Opinion
ID. No. 9405000526.
Submitted: July 16, 2008, July 24, 2008.
Decided: September 15, 2008.
Upon Defendant's Motion to Compel.
Upon Defendant's Motion for Transcripts.
DENIED.Mark H. Conner, Esquire, Department of Justice, Wilmington, Delaware, Attorney for the State.
Franklin Fennell, Smyrna, Delaware, pro se.
ORDER
This 15th day of September 2008, upon consideration of Defendant's "Motion to Compel," it appears to the Court that:
1. In August 1995, a jury found Defendant guilty of Delivery of Cocaine, Use of a Vehicle for Keeping Controlled Substances, and Conspiracy in the Second Degree. In December 1995, the Court sentenced Defendant on the delivery conviction to 30 years incarceration at Level V. The Court sentenced Defendant on the remaining convictions to a total of 5 years incarceration at Level V, to be suspended after 1 year for probation. On July 19, 1997, the Supreme Court affirmed Defendant's convictions on direct appeal.

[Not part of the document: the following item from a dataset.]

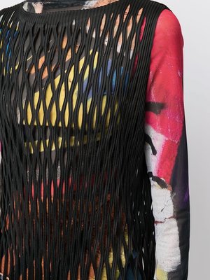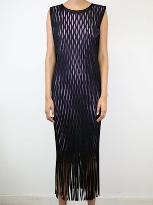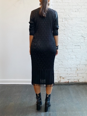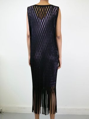 This sleeveless mid-length dress in black is a bit of a departure for Issey Miyake. Featuring cut-out detailing throughout, this piece makes for a unique see-through layering moment, so wear it over something fun! Crewneck collar. Fringed detailing at hem. Made in Japan. DETAILS Fabric | 100% Polyester Color | BLACK Designer | ISSEY MIYAKE FIT & SIZING Model is wearing the One Size. Measurements are as follows: Length from Center Front: 46" Side Seam: 40" Strap Width: 4" CARE DO NOT DRY CLEAN, steam, iron, tumble dry, or use fabric softener. To wash, put the garment into a laundry bag and wash on gentle or hand wash mode. Idlewild stylists prefer to wash Pleats Please by hand with cool water. To dry, lay the garment flat in a shaded, well-ventilated area. The garment should dry within 30 mins to 1 hour. Roll in direction of the pleat to store.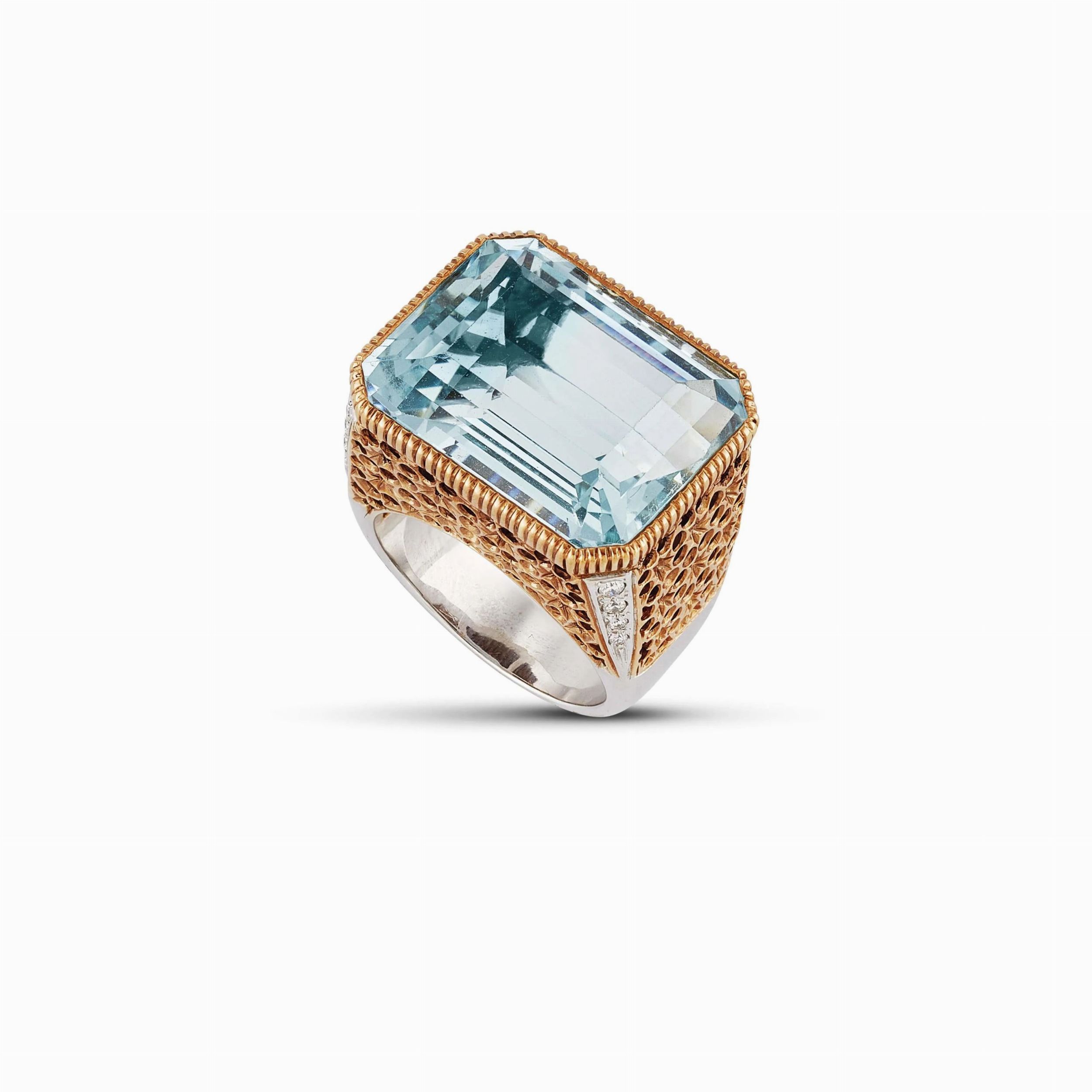 GRANDE ANELLO CON ACQUAMARINA E DIAMANTI

Fennell v. State, 691 A.2d 624 (Del. 1997).
2. Defendant's motion states in its entirety:
Comes now, Franklin Fennell, an indigent, incarcerated pro-se defendant who moves this Honorable Court for an order to surrender to Defendant the following:
Aware of perjurious [sic] testimony of State's witness. Defendant request from [sic] suppressed evidence is reasonable:
A. Transmittal "request form" to the Division of Motor Vehicle for Title to Mercedes Benz, Tag #413131 by State's witness "Diane Moss"
B. Including a copy of "release form" to verify, State's witness Diane Moss received a copy of Mercedes Title as indicated by witness Moss in her summation.
3. The Court construes this as a request for materials. This request is procedurally barred. "It is well established that a defendant must first file his postconviction motion pursuant to Superior Court Criminal Rule 61 and make his request for materials in conjunction with a pending proceeding." Defendant has no motion for postconviction relief pending. Accordingly, Defendant's "Motion to Compel" is DENIED.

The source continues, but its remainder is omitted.